Download or read book Monte Carlo Methods and Stochastic Processes written by Emmanuel Gobet and published by CRC Press. This book was released on 2016-09-15 with total page 310 pages. Available in PDF, EPUB and Kindle. Book excerpt: Developed from the author’s course at the Ecole Polytechnique, Monte-Carlo Methods and Stochastic Processes: From Linear to Non-Linear focuses on the simulation of stochastic processes in continuous time and their link with partial differential equations (PDEs). It covers linear and nonlinear problems in biology, finance, geophysics, mechanics, chemistry, and other application areas. The text also thoroughly develops the problem of numerical integration and computation of expectation by the Monte-Carlo method. The book begins with a history of Monte-Carlo methods and an overview of three typical Monte-Carlo problems: numerical integration and computation of expectation, simulation of complex distributions, and stochastic optimization. The remainder of the text is organized in three parts of progressive difficulty. The first part presents basic tools for stochastic simulation and analysis of algorithm convergence. The second part describes Monte-Carlo methods for the simulation of stochastic differential equations. The final part discusses the simulation of non-linear dynamics.

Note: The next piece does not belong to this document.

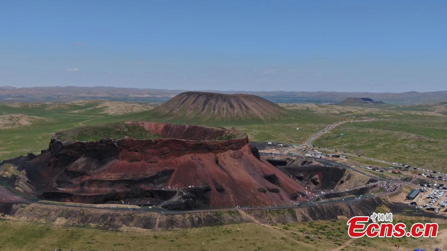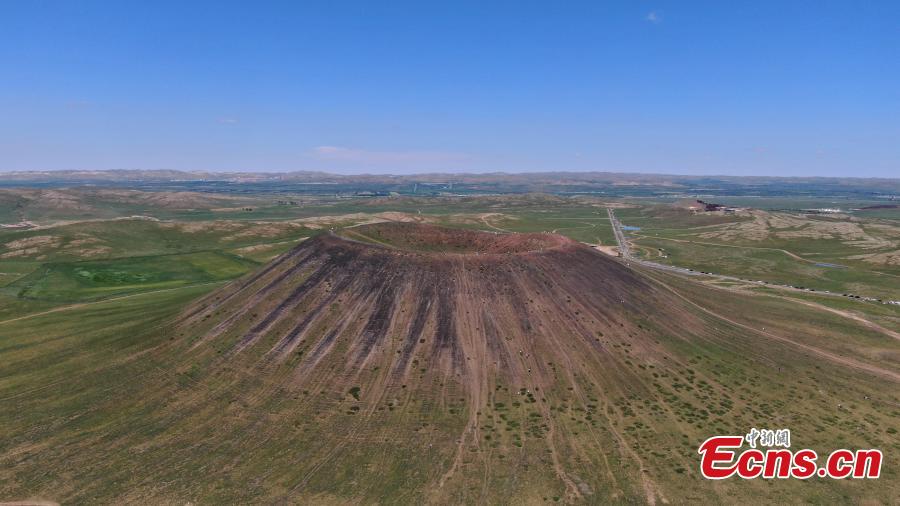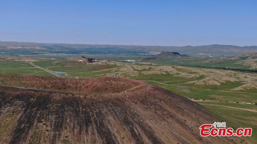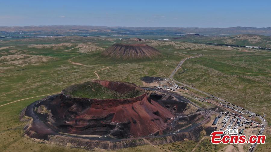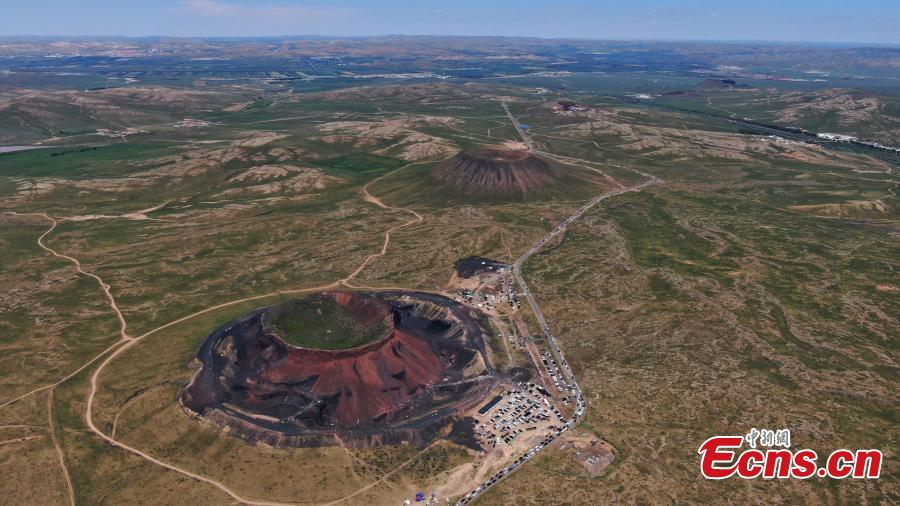 Aerial view of Ulanhada volcano cluster in Qahar Right Wing Rear Banner of Ulanqab, north China's Inner Mongolia Autonomous Region, Aug. 13, 2023. (Photo: China News Service/Liu Wenhua)

Download or read book Monte Carlo and Quasi Monte Carlo Methods 2004 written by Harald Niederreiter and published by Springer Science & Business Media. This book was released on 2006-02-08 with total page 506 pages. Available in PDF, EPUB and Kindle. Book excerpt: This book represents the refereed proceedings of the Sixth International Conference on Monte Carlo and Quasi-Monte Carlo Methods in Scientific Computing and of the Second International Conference on Monte Carlo and Probabilistic Methods for Partial Differential Equations. These conferences were held jointly at Juan-les-Pins (France) in June 2004. The proceedings include carefully selected papers on many aspects of Monte Carlo methods, quasi-Monte Carlo methods, and the numerical solution of partial differential equations. The reader will be informed about current research in these very active areas.

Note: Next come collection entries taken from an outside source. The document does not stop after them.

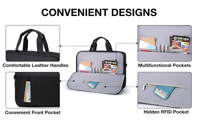 - LAPTOP PROTECTION- The dedicated laptop compartment is fully padded with EVA foam. The laptop bag can offer the optimal protection for your laptop. You don't need to worry about your notebook getting crashed on the travelling.
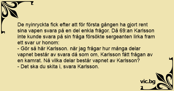 - Gör så här Karlsson. när jag frågar hur många delar vapnet består av svara då som om, Karlsson fått frågan av en kamrat. Nå vilka delar består vapnet av Karlsson?
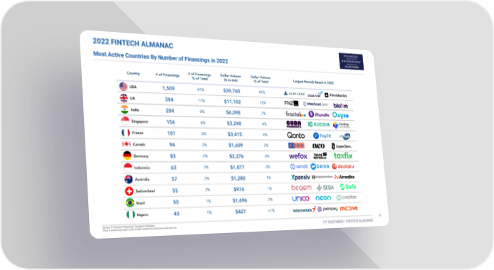 2022 FINTECH ALMANAC Most Active Countries By Number of Financings in 2022 FT Partners 2022 FinTech Almanac Page 41 Page 43
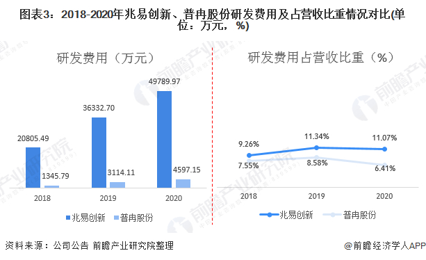 2020年,兆易创新研发费用为49787.97万元,占营收比重为11.07%;普冉股份研发费用为4597.15万元,占营收比重为6.41%。综合来看,普冉股份在研发费用规模、研发投入占比均低于兆易创新,主要系普冉股份成立时间较晚,目前正处于扩充研发团队力量、业务规模扩张阶段,相较于传统的行业龙头企业,在营业收入、研发费用等关键业务指标上仍有一定差距。

Download or read book Multilevel Monte Carlo Simulation for Stochastic Differential Equations Driven by L vy Processes written by Sangmeng Li and published by . This book was released on 2015 with total page pages. Available in PDF, EPUB and Kindle. Book excerpt:
Download or read book Monte Carlo Methods for Partial Differential Equations With Applications to Electronic Design Automation written by Wenjian Yu and published by Springer Nature. This book was released on 2022-09-02 with total page 262 pages. Available in PDF, EPUB and Kindle. Book excerpt: The Monte Carlo method is one of the top 10 algorithms in the 20th century. This book is focusing on the Monte Carlo method for solving deterministic partial differential equations (PDEs), especially its application to electronic design automation (EDA) problems. Compared with the traditional method, the Monte Carlo method is more efficient when point values or linear functional of the solution are needed, and has the advantages on scalability, parallelism, and stability of accuracy. This book presents a systematic introduction to the Monte Carlo method for solving major kinds of PDEs, and the detailed explanation of relevant techniques for EDA problems especially the cutting-edge algorithms of random walk based capacitance extraction. It includes about 100 figures and 50 tables, and brings the reader a close look to the newest research results and the sophisticated algorithmic skills in Monte Carlo simulation software.

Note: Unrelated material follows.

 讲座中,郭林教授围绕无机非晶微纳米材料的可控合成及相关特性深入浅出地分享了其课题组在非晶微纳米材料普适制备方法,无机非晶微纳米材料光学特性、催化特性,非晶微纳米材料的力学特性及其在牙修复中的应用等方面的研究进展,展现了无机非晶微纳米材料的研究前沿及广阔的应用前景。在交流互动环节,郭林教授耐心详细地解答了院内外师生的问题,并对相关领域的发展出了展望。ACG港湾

Download or read book Introduction to Monte Carlo Methods for Transport and Diffusion Equations written by Bernard Lapeyre and published by OUP Oxford. This book was released on 2003 with total page 178 pages. Available in PDF, EPUB and Kindle. Book excerpt: This text is used by for the resolution of partial differential equations, trasnport equations, the Boltzmann equation and the parabolic equations of diffusion.
Download or read book Monte Carlo and Quasi Monte Carlo Methods written by Bruno Tuffin and published by Springer Nature. This book was released on 2020-05-01 with total page 533 pages. Available in PDF, EPUB and Kindle. Book excerpt: This book presents the refereed proceedings of the 13th International Conference on Monte Carlo and Quasi-Monte Carlo Methods in Scientific Computing that was held at the University of Rennes, France, and organized by Inria, in July 2018. These biennial conferences are major events for Monte Carlo and quasi-Monte Carlo researchers. The proceedings include articles based on invited lectures as well as carefully selected contributed papers on all theoretical aspects and applications of Monte Carlo and quasi-Monte Carlo methods. Offering information on the latest developments in these very active areas, this book is an excellent reference resource for theoreticians and practitioners interested in solving high-dimensional computational problems, arising, in particular, in finance, statistics and computer graphics.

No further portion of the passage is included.